Are kdis' hooves usually fully formed when they are born? Cookie's baby's hooves are not, and I'm wondering if maybe there is something wrong with her. Her umbilical cord hasn't dried either, which I find strange. It still looks like it did when she was first born (she's approximately 27 hours old now).

It's not looking very good at the moment. She was eager to eat when I went out at 1:30 in the morning, but when I went out later, she was floppy and on her side. Cookie was cuddled right up to her, though. I wrapped her up in a towel fresh from the dryer and got her warm and fed her close to 2 ounces, but now she's on my lap wrapped in a towel and she is shivering. Is there anything that I can do?


----------



## rootsandwings (Apr 20, 2004)

BoSe and vitamin E.


hooves are soft when they are born. also sort of pale and wxy from being wet. It takes a while for both hooves and umbilici to dry.

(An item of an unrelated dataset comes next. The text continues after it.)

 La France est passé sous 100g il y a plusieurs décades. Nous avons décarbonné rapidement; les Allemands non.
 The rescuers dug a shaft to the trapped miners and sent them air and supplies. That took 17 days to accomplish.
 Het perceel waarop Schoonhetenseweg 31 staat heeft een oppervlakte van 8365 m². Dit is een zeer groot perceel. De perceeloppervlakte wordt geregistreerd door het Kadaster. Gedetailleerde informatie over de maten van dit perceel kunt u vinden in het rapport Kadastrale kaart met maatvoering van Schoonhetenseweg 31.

did you dip her navel in iodine? if not, do it now.


----------



## mammabooh (Sep 1, 2004)

Yes to the iodine. I just gave her more selenium/vitamin e paste.


----------



## MaddieLynn (Nov 23, 2011)

We had a doe who had triplets after never even looking pregnant. They were extra tiny - the smallest weighed 3.3 pounds! His hooves weren't just soft, they were almost like jello. I was afraid that they would tear or something, but he's three weeks old now and they've hardened up nicely.


----------



## Greylady (Mar 28, 2012)

Being new to goats myself, I wondered the same thing. They hardened up. The cord took a while though. It even was a while before it fell off. Had one bucking weighed 7 lbs and the doeling was 5 lbs. She was not eating and we used a syringe to get colostrum down her. She was weak then but you would not know it now.


----------



## mammabooh (Sep 1, 2004)

I gave her more selenium/vitamin e paste, some baking soda, and a little bit of cayenne pepper in her mouth (per Jessica from Celtic Knot) and more colostrum. She is no longer shivering and is napping surrounded by towels in the laundry basket beside a sunny window in my kitchen. I have the alarm set and will give her just a bit of colostrum every hour...I figured that would be easier on her than trying to get a bunch down at once. 

Wish us luck!


----------



## thaiblue12 (Feb 14, 2007)

I use half a cc of Bo-Se injectable, I am not familiar with the gel and if it works as quickly. 
You can dip her hooves into the iodine as well. Sometimes one kid in there is slow to start especially with multiples. 
I would be taking her out to Cookie to nurse, this way they still bond and you do not have a single bottle baby, they do not do well as singles in the house. 
Once she is stronger I would leave her with her mom.


----------



## mammabooh (Sep 1, 2004)

A spunky, hungry baby was just returned to her mother. I put Cookie on the stand and the baby latched right on and sucked away for quite a while. I put her on the other side and she nursed there for quite a while too. So, I put them both back in the kidding pen and will monitor them regularly. I'll probably have to put Cookie on the stand until she (Cookie) gets the hang of it. She's very interested in her baby, but she just wants to lick her face and turns around every time the baby gets close to her teat. I guess we'll just have to break her of that somehow. I'm beyond delighted at the moment!


----------



## bluefish (Jan 27, 2006)

Sorry, you've probably said, but is Cookie a FF? I had that problem with a FF last year. She was very attentive, but didn't like to let them eat. I helped for a couple days, but after they get a little more mobile, they get there no matter what.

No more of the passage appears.